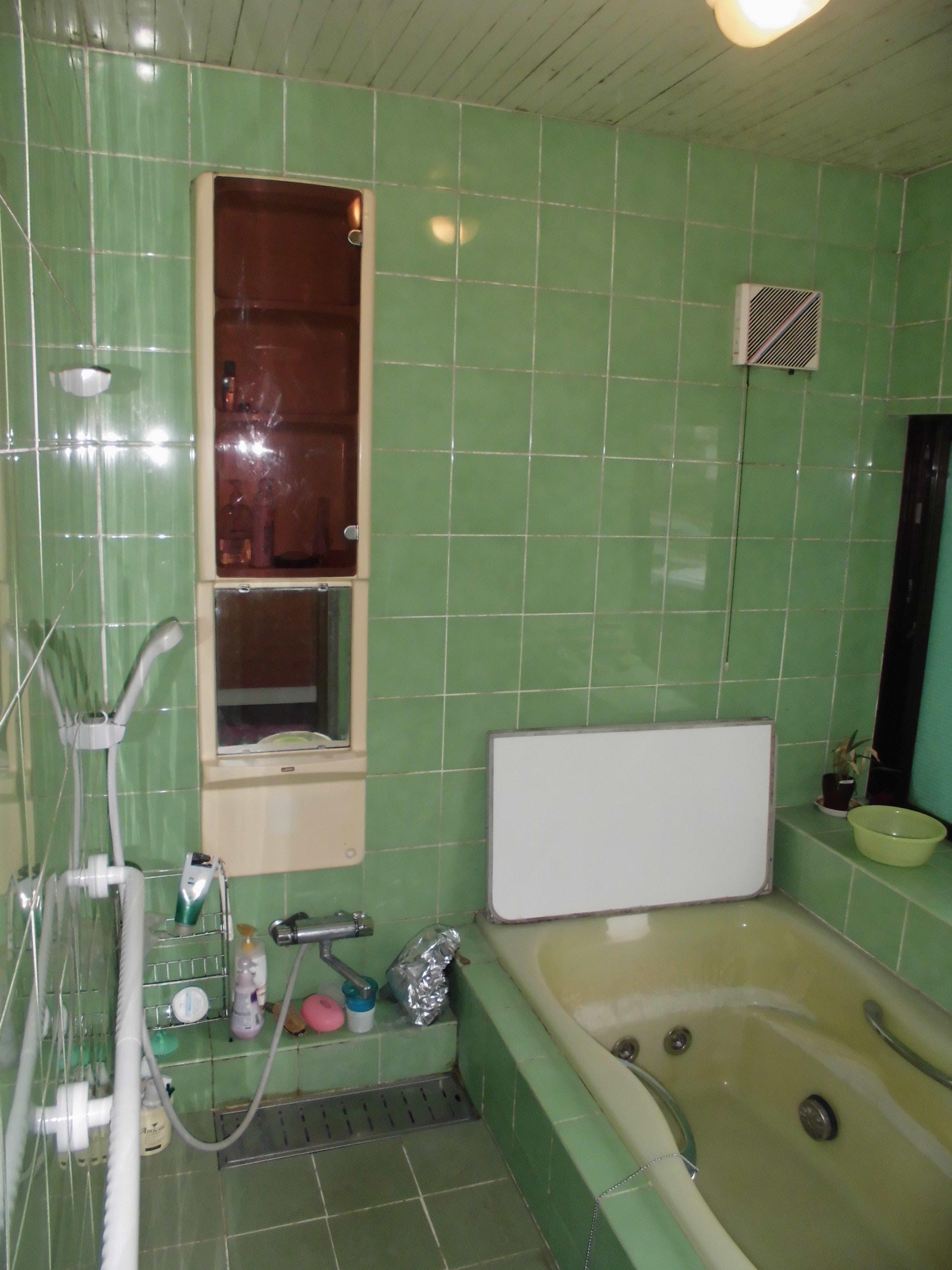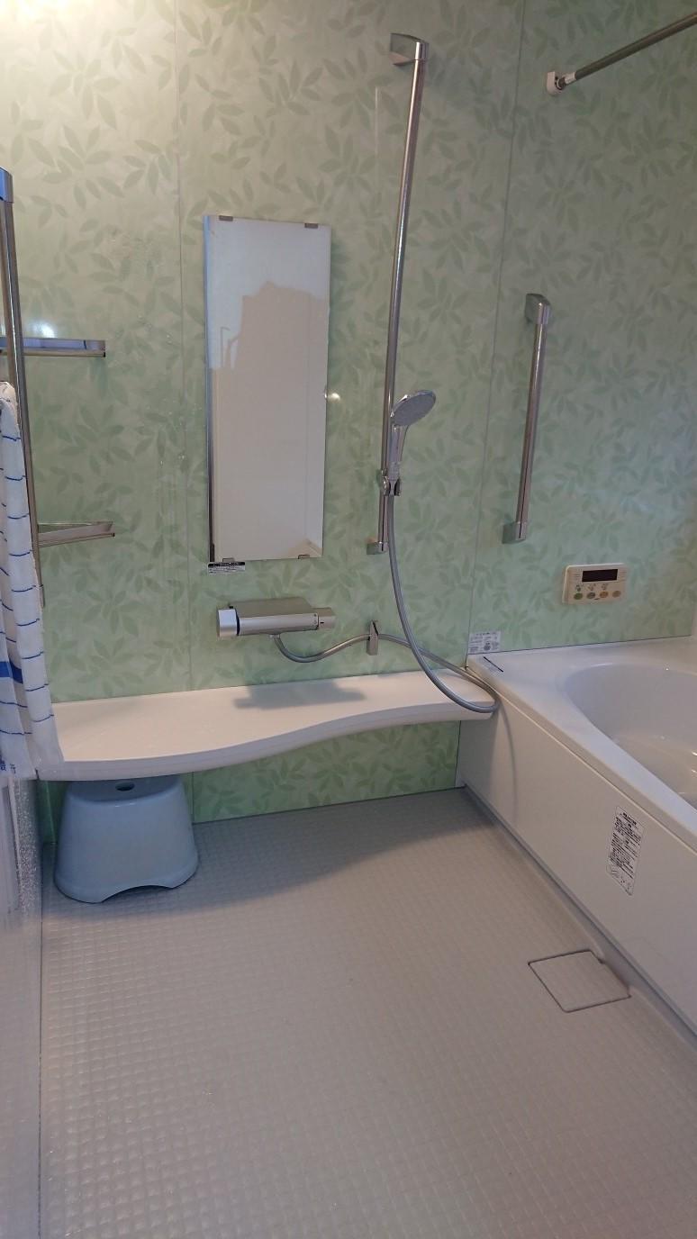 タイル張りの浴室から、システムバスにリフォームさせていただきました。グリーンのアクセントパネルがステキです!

* * *

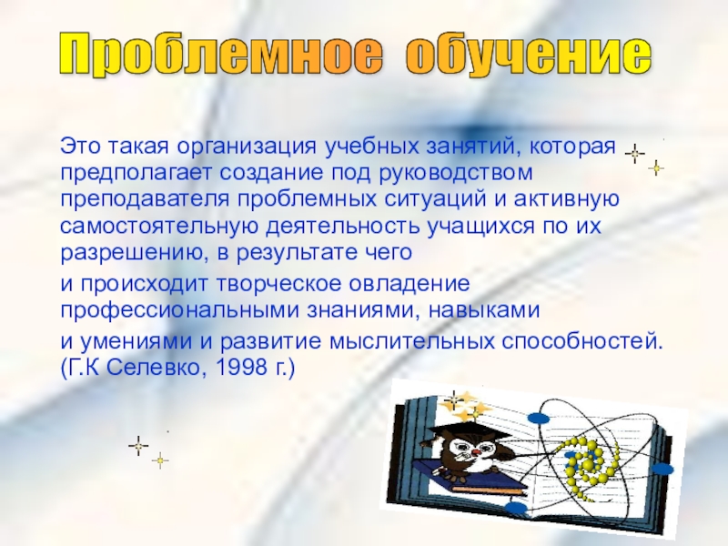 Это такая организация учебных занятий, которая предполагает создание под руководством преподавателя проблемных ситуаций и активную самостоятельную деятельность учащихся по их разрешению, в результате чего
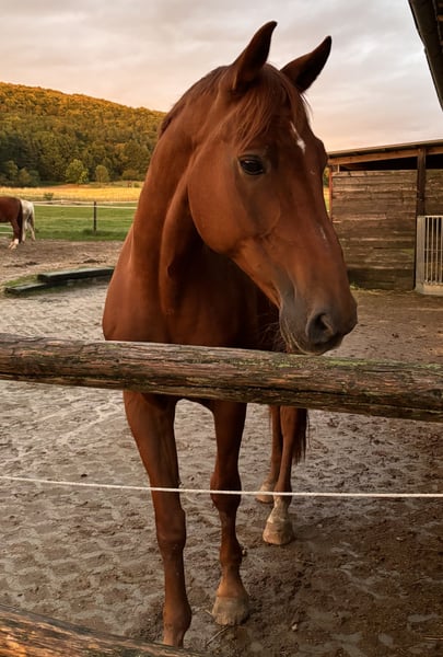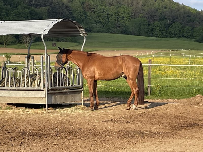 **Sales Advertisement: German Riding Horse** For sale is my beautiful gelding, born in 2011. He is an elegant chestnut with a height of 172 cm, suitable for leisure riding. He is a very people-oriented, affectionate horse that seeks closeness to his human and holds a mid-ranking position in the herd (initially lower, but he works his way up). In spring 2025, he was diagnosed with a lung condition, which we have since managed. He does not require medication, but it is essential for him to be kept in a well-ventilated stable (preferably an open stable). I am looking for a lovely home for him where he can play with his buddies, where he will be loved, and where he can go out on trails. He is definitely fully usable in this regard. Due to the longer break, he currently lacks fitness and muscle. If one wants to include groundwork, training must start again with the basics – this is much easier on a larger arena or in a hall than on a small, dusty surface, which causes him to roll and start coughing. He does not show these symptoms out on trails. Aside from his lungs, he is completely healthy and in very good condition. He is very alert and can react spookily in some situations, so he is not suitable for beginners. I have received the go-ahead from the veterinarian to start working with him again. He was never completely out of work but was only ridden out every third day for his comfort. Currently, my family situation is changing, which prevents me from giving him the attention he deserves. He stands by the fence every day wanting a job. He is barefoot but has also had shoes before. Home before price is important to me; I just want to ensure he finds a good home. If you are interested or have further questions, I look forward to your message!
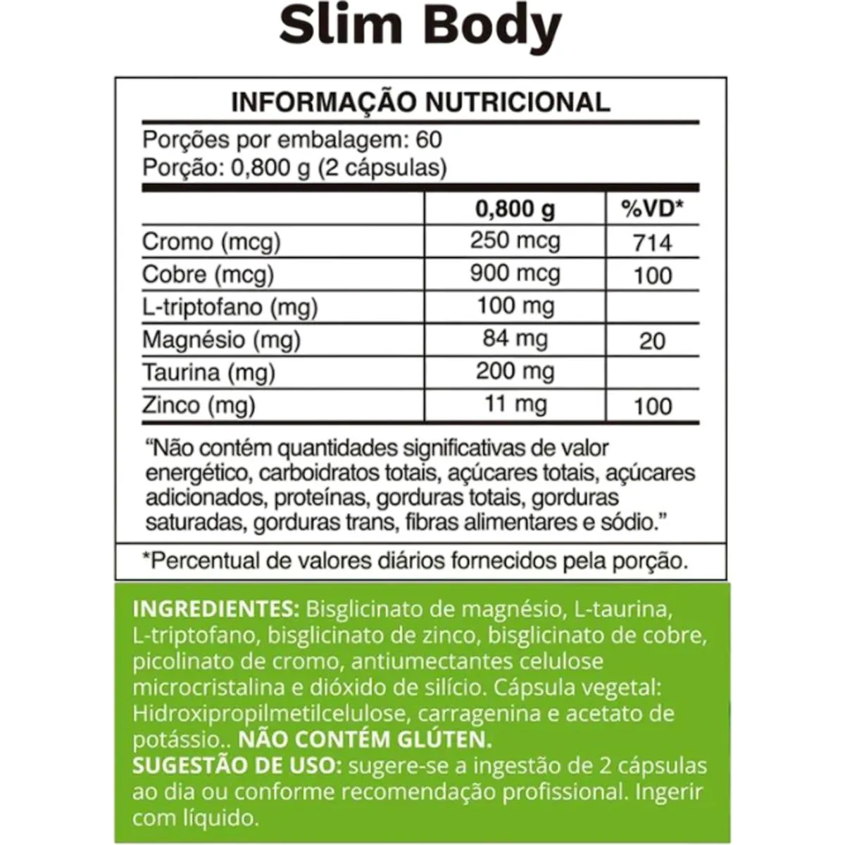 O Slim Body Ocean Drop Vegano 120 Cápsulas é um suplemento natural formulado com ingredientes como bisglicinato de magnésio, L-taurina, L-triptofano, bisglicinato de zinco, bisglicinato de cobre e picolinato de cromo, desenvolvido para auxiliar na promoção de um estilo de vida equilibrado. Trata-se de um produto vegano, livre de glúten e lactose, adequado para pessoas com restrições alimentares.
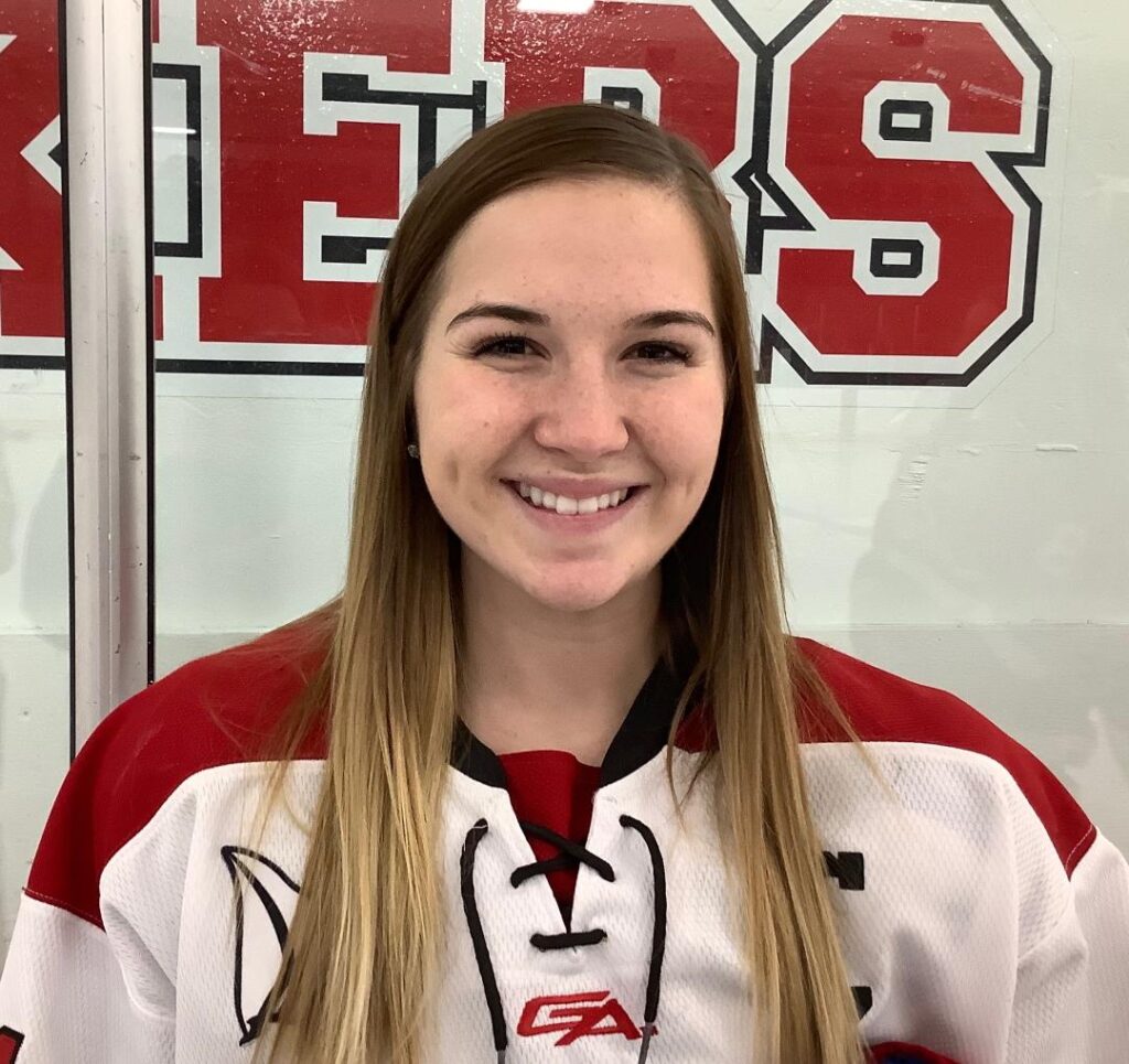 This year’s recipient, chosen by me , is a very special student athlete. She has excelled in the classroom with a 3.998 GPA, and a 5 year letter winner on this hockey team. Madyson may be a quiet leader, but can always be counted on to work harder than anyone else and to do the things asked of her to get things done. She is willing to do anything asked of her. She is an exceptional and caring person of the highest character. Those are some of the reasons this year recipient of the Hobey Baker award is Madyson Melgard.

==

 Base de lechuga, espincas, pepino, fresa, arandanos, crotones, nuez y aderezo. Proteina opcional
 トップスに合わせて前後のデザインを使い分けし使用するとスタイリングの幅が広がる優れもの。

| WORK REQUEST |
Output only an exact transcription of the lines above from the one with "aderezo. Proteina opcional" up to and including the one with "トップスに合わせて前後のデザ".

| TASK SOLUTION |
 Base de lechuga, espincas, pepino, fresa, arandanos, crotones, nuez y aderezo. Proteina opcional
 トップスに合わせて前後のデザインを使い分けし使用するとスタイリングの幅が広がる優れもの。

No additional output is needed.